Information provided |
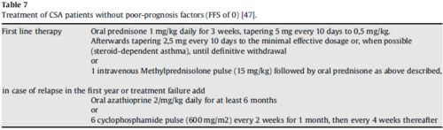 ・・あくまで私見です・・ EGPA(Churg-Strauss)を含むANCA関連血管炎の標準治療はEUVASという欧州の組織がRCTを元に気付いてきたました。 米国の著者による記載は以前より、これにすんなり従わない傾向を感じていましたが、最近はフランスを中心とするFVSG、…
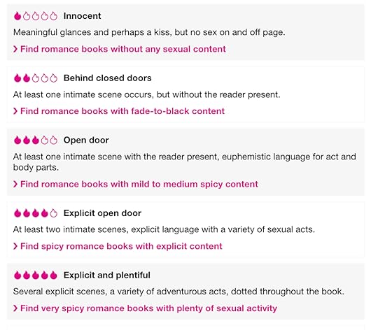 Different Charts, Different LanguagesHere’s the perfect example. The first chart organizes romance into five categories ranging from Innocent (no on-page intimacy) to Explicit and Plentiful (frequent, graphic intimacy). This chart comes from from the website romance.io:
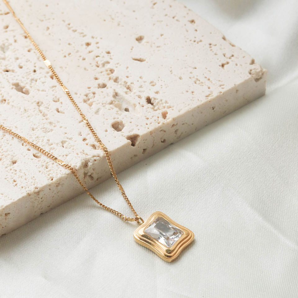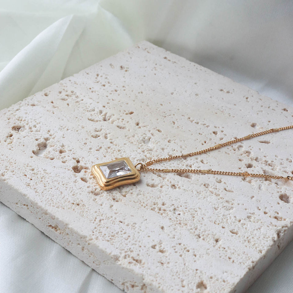 316Lサージカルステンレス ネックレス ジルコニア スクエア【NY01130】

What this task involves | Only the text of the listing above should be copied, exactly and with pictures left out.

Solution |
 ・・あくまで私見です・・ EGPA(Churg-Strauss)を含むANCA関連血管炎の標準治療はEUVASという欧州の組織がRCTを元に気付いてきたました。 米国の著者による記載は以前より、これにすんなり従わない傾向を感じていましたが、最近はフランスを中心とするFVSG、…
 Different Charts, Different LanguagesHere’s the perfect example. The first chart organizes romance into five categories ranging from Innocent (no on-page intimacy) to Explicit and Plentiful (frequent, graphic intimacy). This chart comes from from the website romance.io:
 316Lサージカルステンレス ネックレス ジルコニア スクエア【NY01130】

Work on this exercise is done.